1. Tempting but Not the LPS: typically these kinds of patterns are:
   a. material properties [changes in how the surface burns from sample to sample and test to test]
   b. mechanical tolerances [dynamic changes in motion. I have always been amazed how mechanical problems can seem to come and go]
   c. combinations of a&b
   I have never seen and can’t think of the mechanism for a LPS to all by itself create such a pattern especially at those low frequencies.

This will be a PIA but perhaps will provide new clues.
I would try to lock in on a very simple pattern to test with.
I like using horizontal and vertical line patterns that increase in frequency:
One dot on one dot off
Two dots on two dot off
Three dots on three dots off
etc…

Using it I would:

• Image on a very stable material like acrylic.
• Cross section and then polish the edge of the material so you can see the pattern clearly on the surface and also in penetration.
• See if that pattern and its cross section provides clues.

Then run a series of tests to isolate x and y and various speeds and powers.

I will study the above thread and see if I can be helpful.

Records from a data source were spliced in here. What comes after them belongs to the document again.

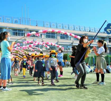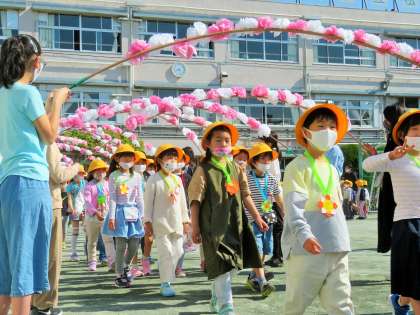今日は、待ちに待った「1年生を迎える会」を校庭で行いました。まずは1年生が入場です。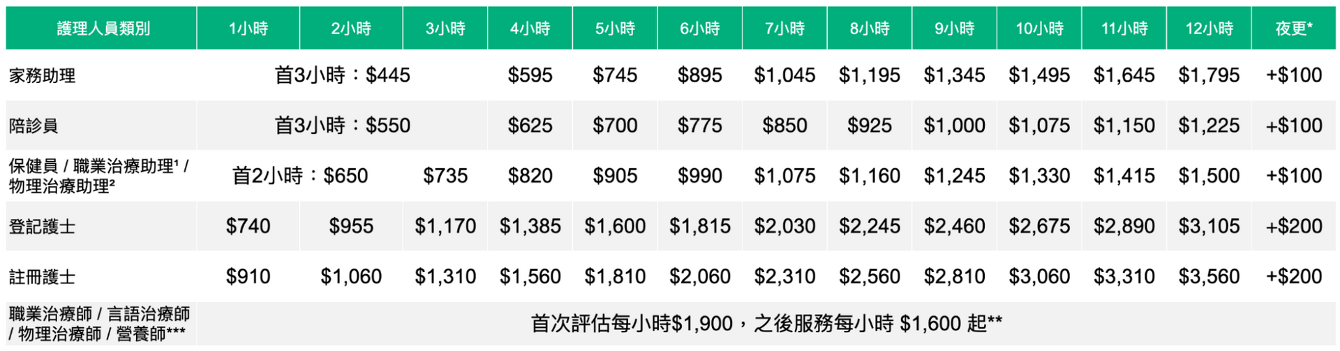 - 除非另有說明,所有透過 Evercare 聘用的護士和護理人員的服務均適用此服務計算方式。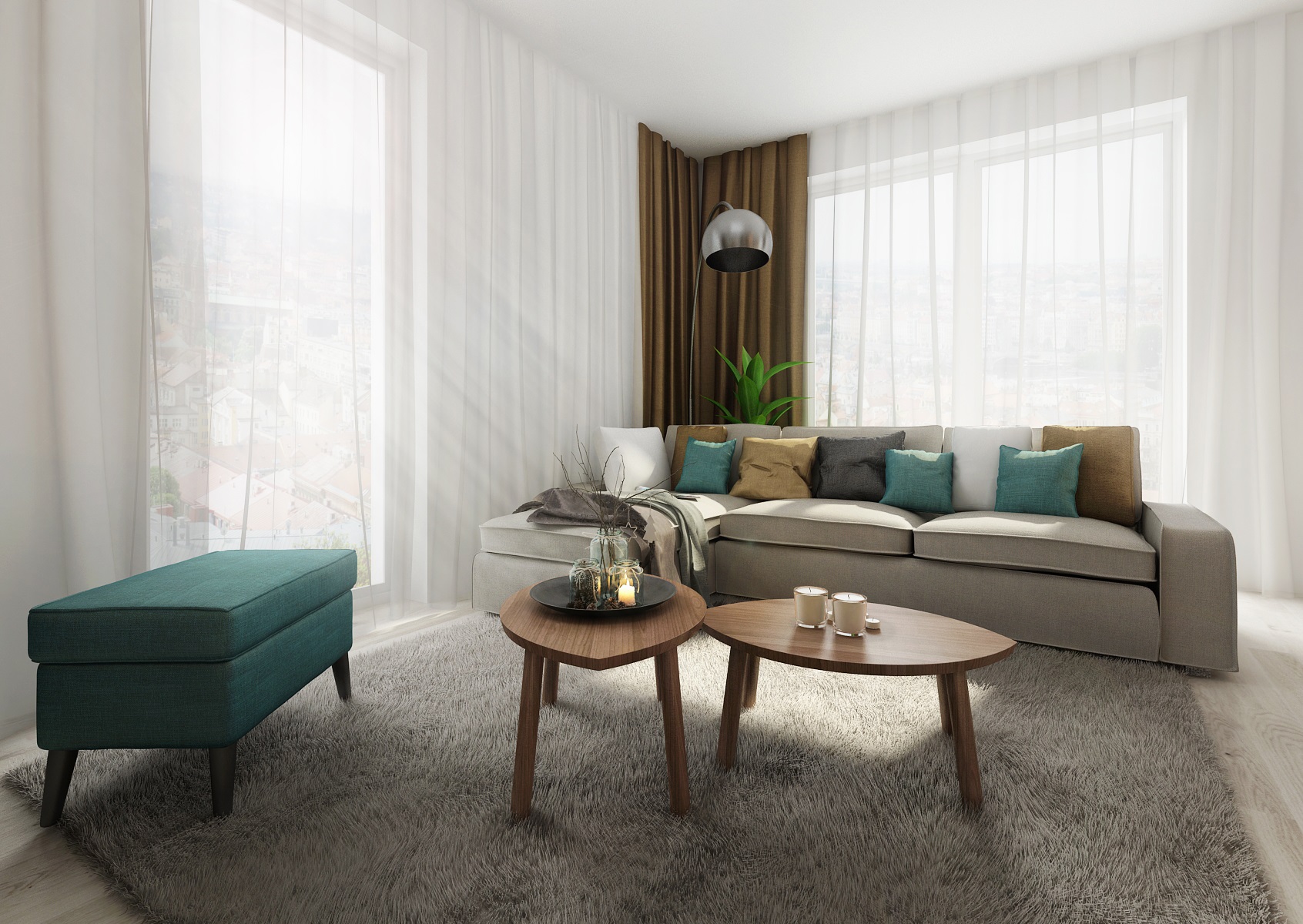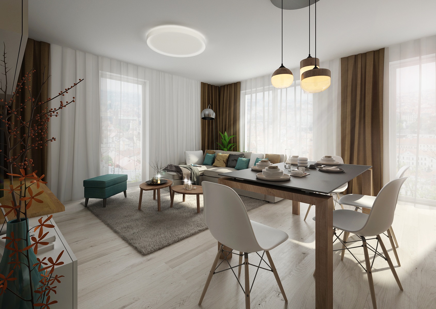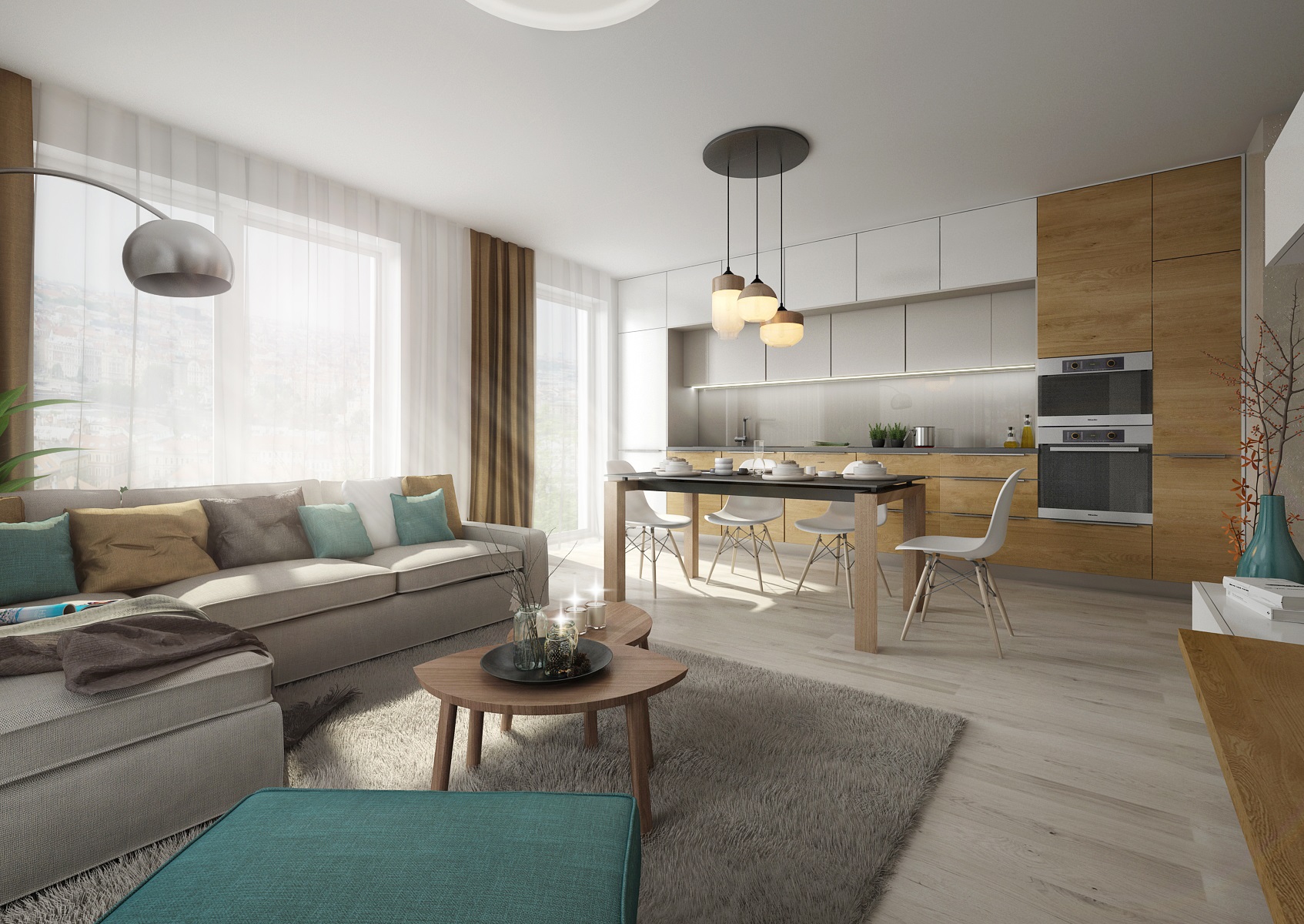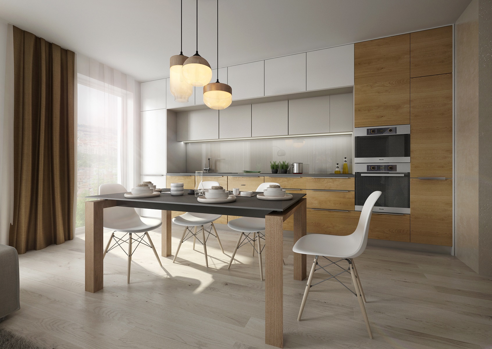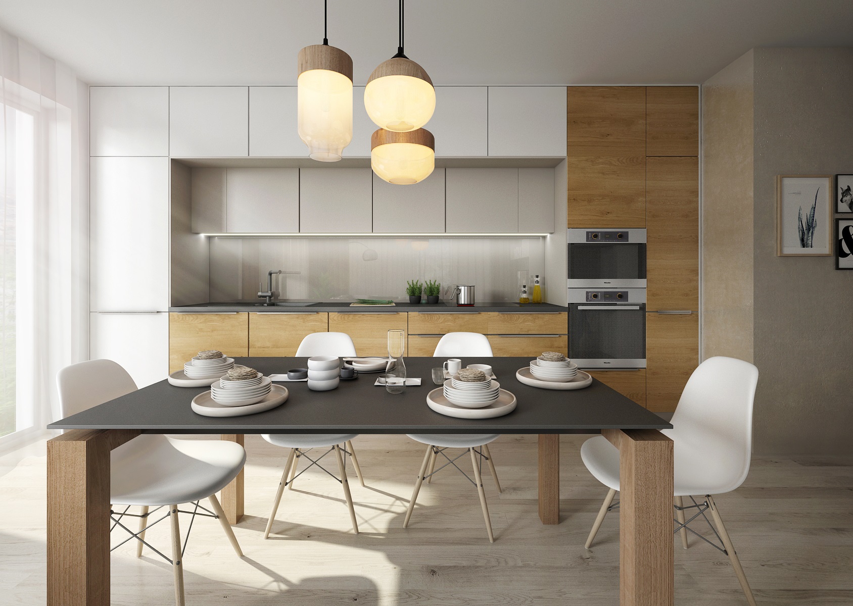 Scandinavian inspiration was reflected in the design of common areas of the kitchen with living room. A combination of white and more shades of gray with oak wood decor was used. The dining table top with a wooden base was also made of artificial stone used for the kitchen worktop. The simply furnished interior looks airy and cozy at the same time.

And the plot thickens… I moved back to my K40 for the first time in a little over a week, and the pattern is now showing up over here. This pattern hasn’t shown up on this machine, ever. I unplugged every appliance, computer, monitor, laptop, Arduino, Pi, 3D printer, anything that was on the same breaker as the K40, and the same thing was happening.

image4032×3024 3.25 MB

I made a pretty bold claim a while ago over on the lightburn forums, the issue I was having with offset cuts from engravings kind of just “went away”. Now, I am really starting to think Lightburn has some config file issues or something funky going on. Maybe it is my outdated version of Lightburn, I’m not sure, but I don’t really want to pay $30 to find out.

I’ve loaded Laser Web to see if I am having the same issues with its gcode. Some strange issues are occurring. The origin in Laser Web does not match with my origin on the K40, and the work offsets that I had setup for lightburn don’t really seem to apply to Laser Web. I have gone over the Initial configuration and machine settings on the Laser Web site a few times and nothing is really jumping out at me.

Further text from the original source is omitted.